Everybody would be getting in everybody else’s way and nobody would get anywhere. Individual liberty would have become social anarchy. There is a danger of the world getting liberty-drunk in these days like the old lady with the basket, and it is just as well to remind ourselves of what the rule of the road means. It means that in order that the liberties of all may be preserved, the liberties of everybody must be curtailed. When the policeman, say, at Piccadilly Circus, steps into the middle of the road and puts out his hand, he is the symbol not of tyranny, but of liberty.
You may not think so. You may, being in a hurry, and seeing your car pulled up by his insolence of office, feel that your liberty has been outraged. “How dare this fellow interfere with your free use of the public highway?” Then, if you are a reasonable person, you will reflect that if he did not interfere with you, he would interfere with no one, and the result would be that Piccadilly Circus would be a maelstrom that you would never cross at all. You have submitted to a curtailment of private liberty in order that you may enjoy a social order which makes your liberty a reality.

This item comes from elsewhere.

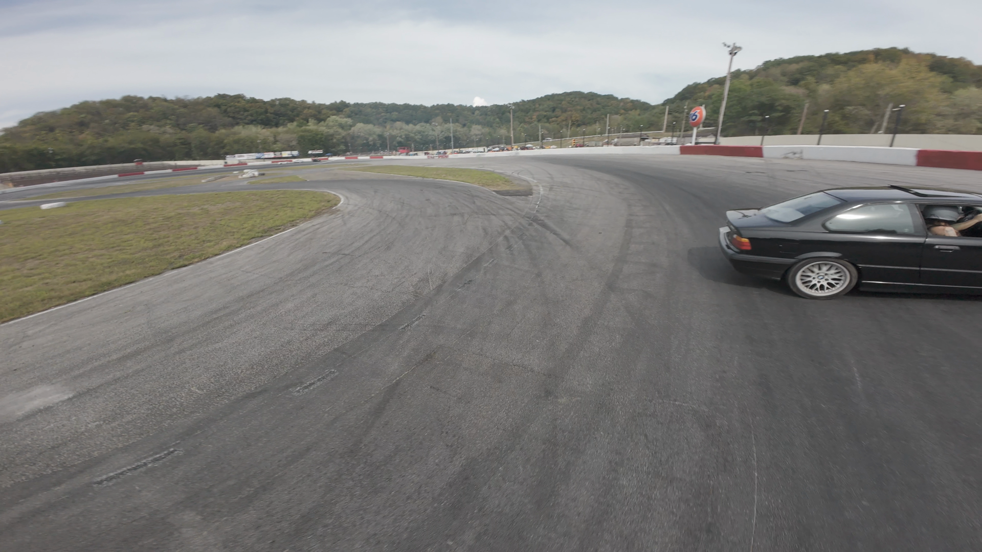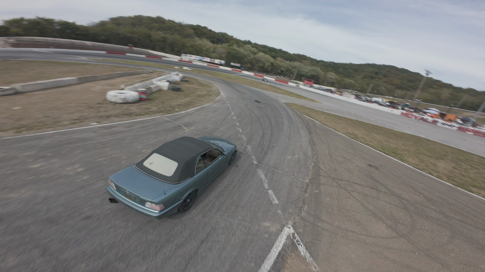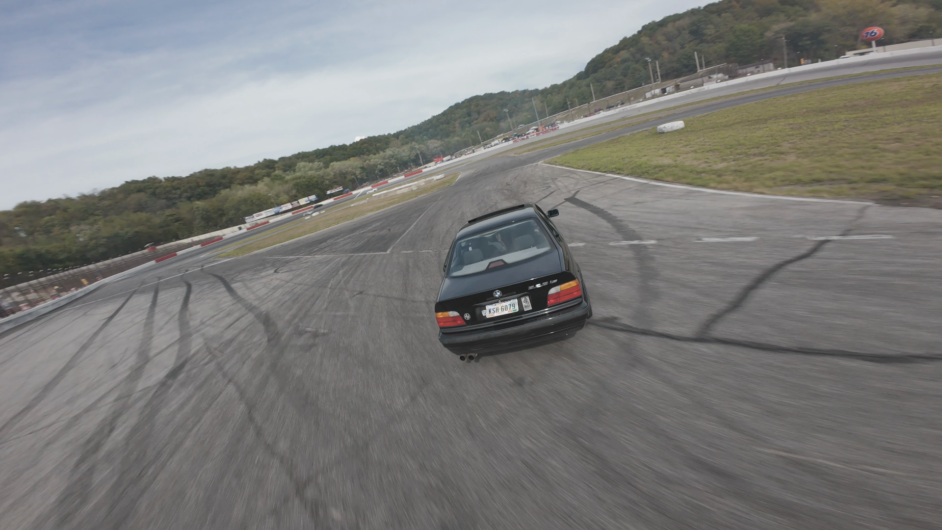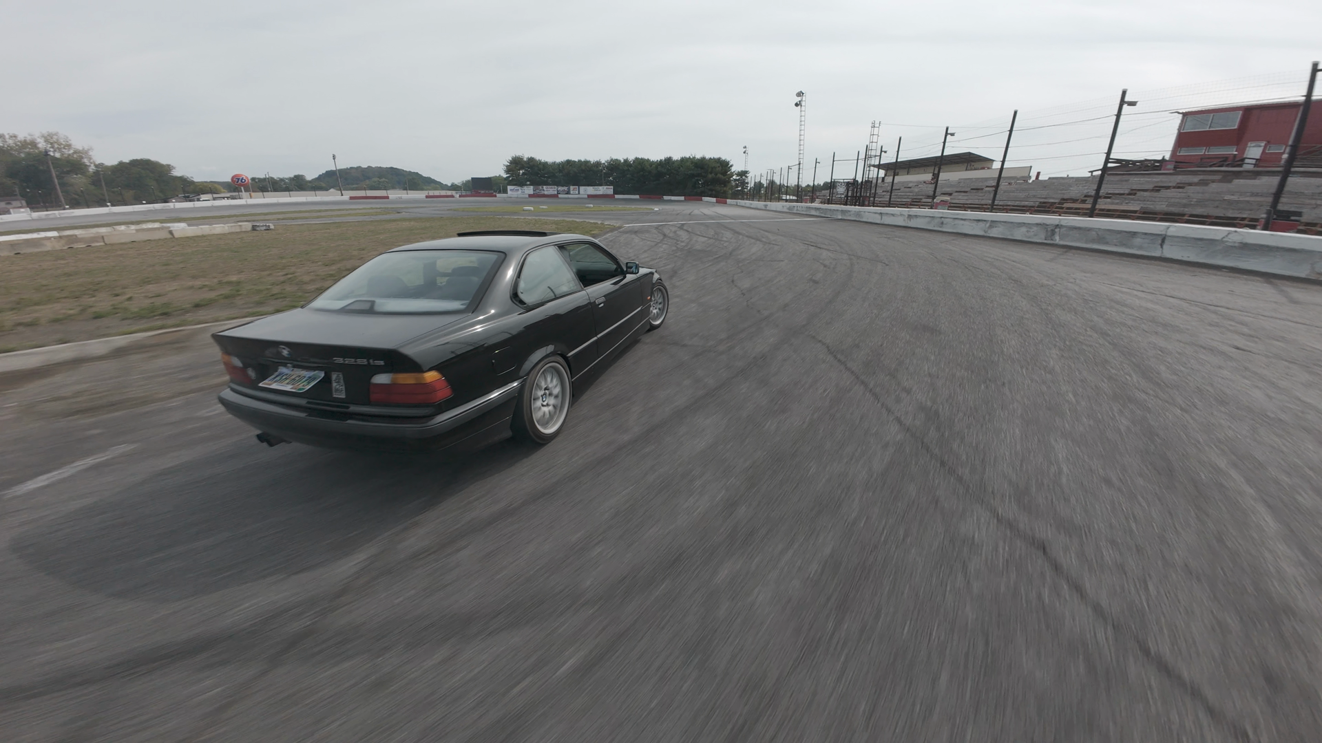 A black BMW M3 is captured from an FPV drone, speeding along the straightaway of a racetrack at Midvale Speedway. The car, a classic model with a dark finish, is seen mid-turn, showcasing its tires gripping the asphalt as it navigates the curve. The driver, obscured by the car's body, appears focused. The racetrack is wide with visible tire marks on the asphalt, and the surroundings feature greenery and distant hills under an overcast sky. The scene exudes a sense of motion and speed, typical of a professional racing event.

Liberty is not a personal affair only, but a social contract. It is an accommodation of interests. In matters which do not touch anybody else’s liberty, of course, I may be as free as I like. If I choose to go down the road in a dressing- gown who shall say me nay? You have liberty to laugh at me, but I have liberty to be indifferent to you. And if I have a fancy for dyeing my hair, or waxing my moustache (which heaven forbid), or wearing an overcoat and sandals, or going to bed late or getting up early, I shall follow my fancy and ask no man’s permission. I shall not inquire of you whether I may eat mustard with my mutton. And you will not ask me whether you may follow this religion or that, whether you may prefer Ella Wheeler Wilcox to Wordsworth, or champagne to shandy. In all these and a thousand other details you and I please ourselves and has no one’s leave.
We have a whole kingdom in which we rule alone, can do what we choose, be wise or ridiculous, harsh or easy, conventional or odd. But when we step out of that kingdom, our personal liberty of action becomes qualified by other people’s liberty. I might like to practice on the trombone from midnight till three in the morning. If I went onto the top of Everest to do it, I could please myself, but if I do it in my bedroom my family will object, and if I do it out in the streets the neighbours will remind me that my liberty to blow the trombone must not interfere with their liberty to sleep in quiet.
There are a lot of people in the world, and I have to accommodate my liberty to their liberties. We are all liable to forget this, and unfortunately we are much more conscious of the imperfections of others in this respect than of our own. A reasonable consideration for the rights or feelings of others is the foundation of social conduct.
It is in the small matters of conduct, in the observance of the rules of the road, that we pass judgment upon ourselves, and declare that we are civilized or uncivilized. The great moments of heroism and sacrifice are rare. It is the little habits of commonplace intercourse that make up the great sum of life and sweeten or make bitter the journey.